Exercise objective
The listing that follows should be copied in full and exactly, with no pictures.
**** Raw data
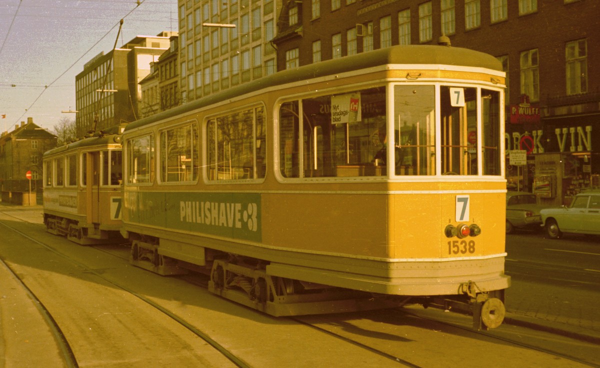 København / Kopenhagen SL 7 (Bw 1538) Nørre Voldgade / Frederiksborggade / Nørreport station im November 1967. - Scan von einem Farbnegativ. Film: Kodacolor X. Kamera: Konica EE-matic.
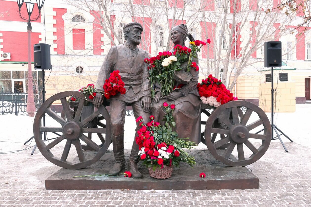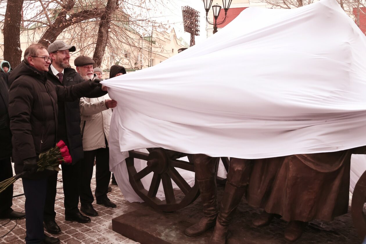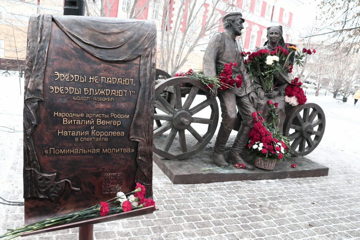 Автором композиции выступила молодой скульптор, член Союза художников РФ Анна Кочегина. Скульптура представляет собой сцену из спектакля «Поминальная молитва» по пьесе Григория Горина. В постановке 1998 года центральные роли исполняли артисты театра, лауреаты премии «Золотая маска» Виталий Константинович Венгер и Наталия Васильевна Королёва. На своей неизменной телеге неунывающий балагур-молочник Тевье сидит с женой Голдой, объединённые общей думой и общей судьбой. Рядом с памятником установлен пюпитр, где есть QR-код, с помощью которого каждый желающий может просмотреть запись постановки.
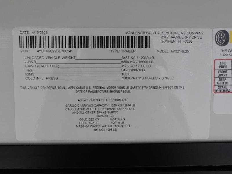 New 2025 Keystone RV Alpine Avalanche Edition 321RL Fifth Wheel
********
Output for this exercise
 København / Kopenhagen SL 7 (Bw 1538) Nørre Voldgade / Frederiksborggade / Nørreport station im November 1967. - Scan von einem Farbnegativ. Film: Kodacolor X. Kamera: Konica EE-matic.
 Автором композиции выступила молодой скульптор, член Союза художников РФ Анна Кочегина. Скульптура представляет собой сцену из спектакля «Поминальная молитва» по пьесе Григория Горина. В постановке 1998 года центральные роли исполняли артисты театра, лауреаты премии «Золотая маска» Виталий Константинович Венгер и Наталия Васильевна Королёва. На своей неизменной телеге неунывающий балагур-молочник Тевье сидит с женой Голдой, объединённые общей думой и общей судьбой. Рядом с памятником установлен пюпитр, где есть QR-код, с помощью которого каждый желающий может просмотреть запись постановки.
 New 2025 Keystone RV Alpine Avalanche Edition 321RL Fifth Wheel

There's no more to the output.